Monday, April 11, 2016

Move to a big city and live longer?

That's one conclusion you can come to from a study of mortality by the Washington Post. The study points out that mortality rates were most likely to decline in the Northeast corridor and in large cities that anchor metropolitan areas of more than a million people, including Chicago, Los Angeles, Miami, St. Louis and Houston. 

And for some reason women are not living as long when compared to men as they used to. In the 20th century, the average white American woman lived eight years longer than the average white American man. Today, that health advantage has narrowed to just five years.

Another anomaly: From 1990 through 2014, the mortality rate for white women rose in most parts of the country, particularly around small cities and in rural areas. Rates often went up by more than 40 percent and, in some places, doubled. Women in their late 40s were especially hurt. In 2000 for every 100,000 women in their late 40s, 228 died. Today, 296 are dying. Since 1990 death rates for rural white women in midlife have risen by nearly 50 percent.

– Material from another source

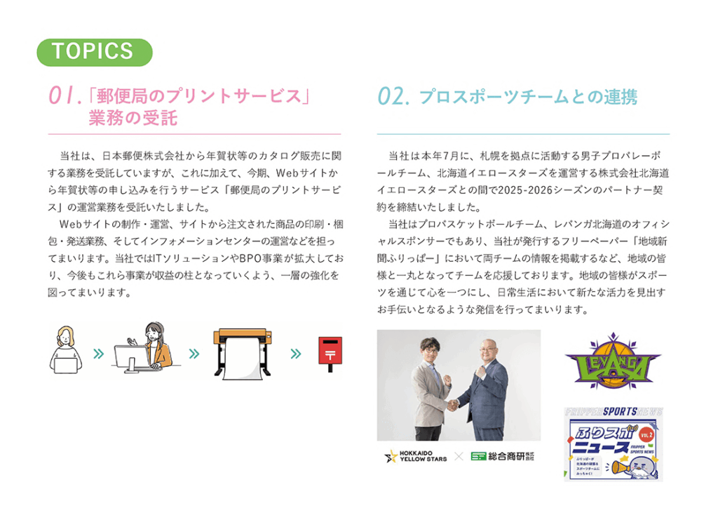 ここからは個別のトピックスでございます。かねてよりお付き合いのある日本郵便株式会社様が提供するウェブ印刷サービス「郵便局のプリントサービス」の業務を受注いたしました。年賀状印刷サービスのほか、通年で名刺や挨拶状などの印刷も行っております。また、株式会社郵便局物販サービス様から物販のBPO業務も受託しており、全国の半数のエリアのコールセンターを当社で運営しております。今後も日本郵政グループとの連携強化を図ってまいります。

In the hardest-hit places — 21 counties arrayed across the South and Midwest — the death rate has doubled, or worse, since the turn of the century for white women in midlife.

The experts think the increasing mortality rates have come about because the women are far more likely than their grandmothers to be smokers, suffer from obesity or drink themselves to death. We are among the heaviest people in the world; more than a third of adults in the United States are considered obese. The average American woman today weighs as much as an American man did in the early 1960s.